Australian cricket has a GOAT, a spin king and now it looks like there’s another spinner to crown. Alana King’s hot streak has been truly special.
Alana King began 2022 uncapped at the international level, but if her recent hot streak is anything to go by, she’ll have plenty more global success to come.
Fresh off the high of Australia winning the first ever Commonwealth Games gold medal for Women’s T20 cricket, King stepped straight into the Women’s Hundred competition, dominating on debut.
It hadn’t been long since she was robbed of a Comm Games hat-trick, but the wounds of that missed chance were put to bed in her first game for the Trent Rockets.
King claimed the first-ever Women’s Hundred hat-trick, finishing with figures of 4-15 and 13 dot balls from her 20-ball spell, and has continued the dominance since.
After three games, King sits atop the wicket-taking leaderboard with five, an average of 8.20 and boasting the best ‘economy per hundred’, having conceded just 41 runs from her 60 balls in the competition so far.
Her latest achievement is just as impressive as the hat-trick too – conceding just eight runs from her 20-ball spell against the Oval Invincibles. King bowled ten consecutive dot balls to South African Marizanne Kapp.
The spell ended with 15 dot balls total, a remarkable effort in the Rockets’ ultimately unsuccessful defence of their score of 112.
Her hot-streak is certainly not limited to her impact in The Hundred, however.
You could argue it started back in January, where after a title-winning WBBL|07 campaign with the Perth Scorchers at the end of 2021, she was selected for not one, but three international debuts in the space of 14 days.
The leg-spinner made an immediate impact on T20 debut, the first of her maiden internationals. And selectors had seen enough, becoming a member of the Test and ODI sides not long after.
Fast-forward nearly seven months, and King has not just won a Comm Games gold, but also been a member of Australia’s Women’s Ashes and ODI World Cup-winning squads.
The World Cup final against England showed King’s love for a big occasion, as she took 3/64 from her ten overs, including the vital wicket of England’s skipper Heather Knight.
In the lead-up to the Comm Games was when the streak really started to come to life, however, with a dominant Tri-Series against Ireland and Pakistan a couple of weeks out laying the foundation for her current stretch of success.
King began the series with a bang, taking three wickets in an over in the washed-out opener against Pakistan.
She followed up figures of 3/8 in the first game with 3/9 in the subsequent one, as a two-wicket effort later in the series saw her finish the series with an average of 5.75 with the ball.
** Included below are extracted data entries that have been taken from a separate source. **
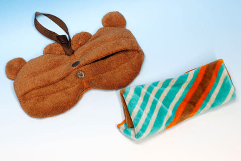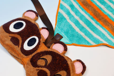 まず「タオルインポーチ」だが、こちらはポーチ部分がまめきちとつぶきちをフィーチャーしたようなデザインが採用されている。ぱっと見は何か分かりにくいところも面白い。このポーチの背面側にボタンが付けられており、その中にタオルが入れられているという作りだ。
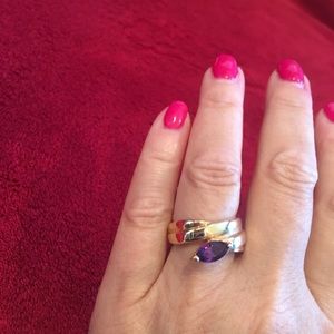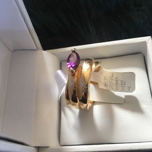 Purple Amethyst liked Stone Ring with gold tone band. New with tag. Great way to enhance your wardrobe without spending a fortune.
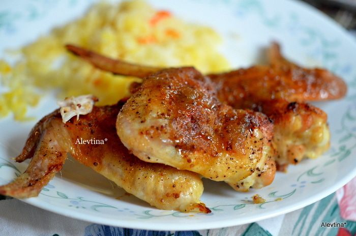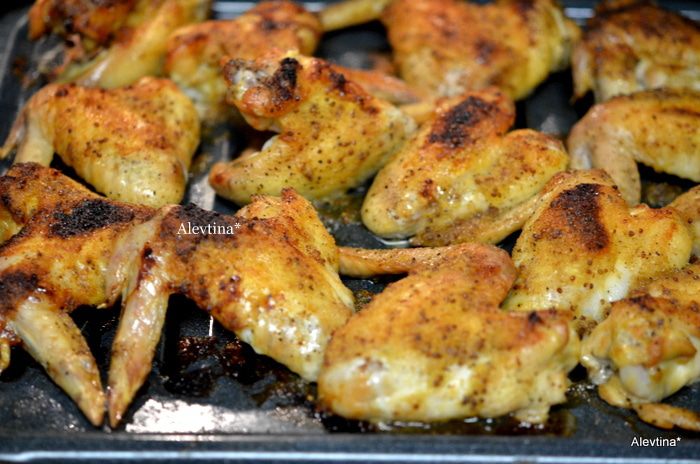 На противень выкладываем куриные крылышки.Сбрызнем оливковым маслом, посолим и поперчим. Поставим в духовку разогретую на 200 гр. Готовим примерно 45 мин.
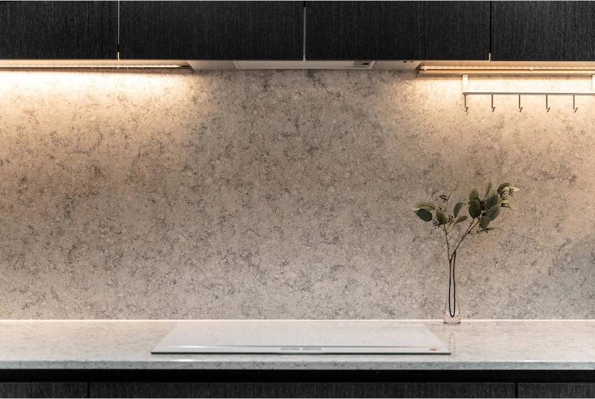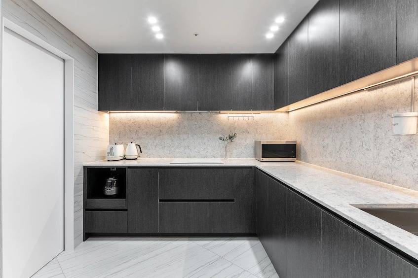 对于男业主而言,理想的厨房不仅要颜值高,充足的收纳空间同样不可或缺。为满足业主需求,厨房采用 L 型布局,最大限度设计上下橱柜,并加入灯带间接照明,营造温馨氛围。

While she didn’t star with the ball in the opening match of Australia’s Comm Games campaign, she played a pivotal role with the bat, scoring a vital 18* in a late-innings support act to Ash Gardner, as Australia came from an ugly position to record a win against India.
In the second game, however, King was as dominant as ever, taking 4/8 against Barbados. And she could’ve had five and a hat-trick, but it wasn’t to be, as Meg Lanning put down the hat-trick ball off a fairly simple chance at slip.
The Hundred hat-trick ties it all off nicely though, an exclamation mark on her international form as she becomes a sought-after asset in the growing women’s domestic T20 market.
Aptly named, King has drawn obvious comparisons to the late Shane Warne, and has credited the Aussie GOAT as a predominant source of inspiration for her career.
With King’s hot start to her international career – and her career in competitions like the WBBL and The Hundred more broadly – it’s clear to see that she’s Australia’s newest leg spin star.
And it certainly wouldn’t be a stretch to say that we’ve got a new spin King – or Queen – on our hands.